I started working in the blockchain field in late 2015 after a few years of researching and analysing Israel’s high-tech, venture capital, and private equity industry. I have listened to countless presentations from experts offering advice to startups on how to succeed. I’ve also heard an untold number of startup pitches, spoken with founders from around the world, and read loads of white papers. I’ve learned a lot and continue to learn every day from these experiences.
There’s a HUGE mistake that gets made by too many startups. It’s a mistake that’s overlooked far more than it should be, and it just so happens to be one of the key reasons why startups fail.
It’s not unique to blockchain and crypto startups, but it seems to be more prevalent. I’m talking about the need to pinpoint a SPECIFIC business challenge first, then focus on the solution second.
It sounds so obvious and is quite astonishing when you think about it. Yet many entrepreneurs dive headfirst into creating a blockchain or crypto-based solution without knowing if it solves a specific problem or has any commercial viability.
This backward-thinking business logic is a result of two main factors. First, startups will be startups. These are, by definition, young companies with little experience. They are often focused on the exciting parts of the startup journey, on the glory, and the bigger picture, that the basics and finer details fall by the wayside.

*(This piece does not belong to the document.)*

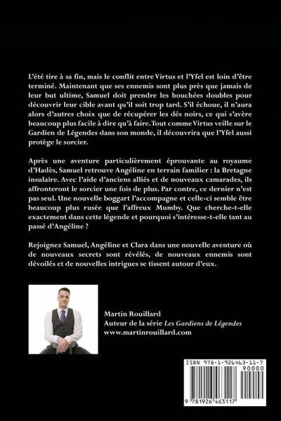 L’été tire à sa fin, mais le conflit entre Virtus et l’Yfel est loin d’être terminé. Maintenant que ses ennemis sont plus près que jamais de leur but ultime, Samuel doit prendre les bouchées doubles pour découvrir leur cible avant qu’il soit trop tard. S’il échoue, il n’aura alors d’autres choix que de récupérer les dés noirs, ce qui s’avère beaucoup plus facile à dire qu’à faire. Tout comme Virtus veille sur le Gardien de Légendes dans son monde, il découvrira que l’Yfel aussi protège le sorcier. Après une aventure particulièrement éprouvante au royaume d’Hadès, Samuel retrouve Angéline en terrain familier : la Bretagne insulaire. Avec l’aide d’anciens alliés et de nouveaux camarades, ils affronteront le sorcier une fois de plus. Par contre, ce dernier n’est pas seul. Une nouvelle boggart l’accompagne et celle-ci semble être beaucoup plus rusée que l’affreux Mumby. Que cherche-t-elle exactement dans cette légende et pourquoi s’intéresse-t-elle tant au passé d’Angéline ? Rejoignez Samuel, Angéline et Clara dans une nouvelle aventure où de nouveaux secrets sont révélés, de nouveaux ennemis sont dévoilés et de nouvelles intrigues se tissent autour d’eux.

A decade of blockchain and crypto hype has also contributed. Hoards of investors crippled with FOMO (Fear of Missing Out) throwing millions of dollars at anything with the word blockchain sent a strong message to startups to use blockchain technology at all costs and think about the details later. Investors have been one of the worst enablers of the “solution first, business challenge second” backward thinking logic.
Things are a little better today after the crypto winter of 2018. More entrepreneurs and investors are now looking at blockchain technology and its real-world applications with greater scrutiny. But the old mindset persists, especially among newbies, and it’s for this reason that I decided to come up with an approach. It doesn’t guarantee success, but it can serve as an anchor to keep founders from veering off and crashing into the rocks.
The MAP Approach
MAP stands for Measured, Agnostic, and Pragmatic. Its goal is to help startups think before diving headfirst into building a solution that nobody really wants or needs.
Being measured is all about checking the overexcitement and focusing on the details. It’s about moving a little slower, making more considered decisions rather than rash ones, and being patient rather than hasty. Being measured starts with finding and understanding a business or consumer challenge. It requires lots of research that involves going out and speaking to people or companies who are affected by the problem you’ve identified. It’s about digging in to see what pain points exist, whether there’s a real demand for a solution, and if a large enough market exists. Key questions to ask include:
- What problem are you solving?
- Are solutions already available? What can you learn from them?
- What’s the size of the market?
- What funds do I need to start?
It can be tempting to use technologies that are hyped like Blockchain and AI, but deciding on technology from the outset can lead to disaster. Startups need to be technology agnostic when building a product or service, which means putting any love affair with a technology to the side so that it’s possible to look at the benefits and drawbacks of other technologies objectively. To ignore the existence of other, more mature technological solutions which have proven themselves ready for use, and are easier to work with is to put your venture on a fast track to failure. The type of technology should only be considered on its merits to solving the specific business or consumer challenge you have identified.
Bottom line. The technology you choose should not dictate how to solve a problem, rather, the problem should be driving you toward the technology you need. Key questions to ask include:
- What technologies have the potential to solve the problem you have identified?
- What are the pros & cons of using each technology? How do they compare? Which one adds the most value?
- Are there any mature technologies ready for use? Why don’t you use them?
Startups must take a practical approach when assessing the viability of development and real-world implementation of a solution. Put simply, it’s vital to make sure that the solution you have chosen can actually get built and implemented. (Implementation is obviously of greater concern for b2b startups)
Let’s take a blockchain-based solution as an example. It may well be a great choice to solve the problem you have identified, but that’s not enough, there are other issues to consider. Taking a pragmatic approach means looking at the technology’s limitations in terms of development and real-world implementation.
Blockchain technology has several limitations like scalability, limited programming ecosystems. How will these impact the viability of your solution?
There are also difficulties involved with integration into legacy systems and privacy issues as well. What’s more, deploying blockchain technology comes with a raft of other challenges from high set up costs and lagging regulations to difficulties in the recruitment of talented blockchain developers, which are expensive and hard to find.
The bottom line is that the technological solution you choose can’t only solve the problem you have identified. It must be able to be developed and implemented without too much friction. Key questions to ask include:
- What foreseeable development challenges could arise?
- How much will the solution cost to develop?
- Do you have the knowledge & skills to develop the solution? If not, how will you obtain them?
- What difficulties could arise during implementation? Can they be mitigated or overcome? How long will implementation take?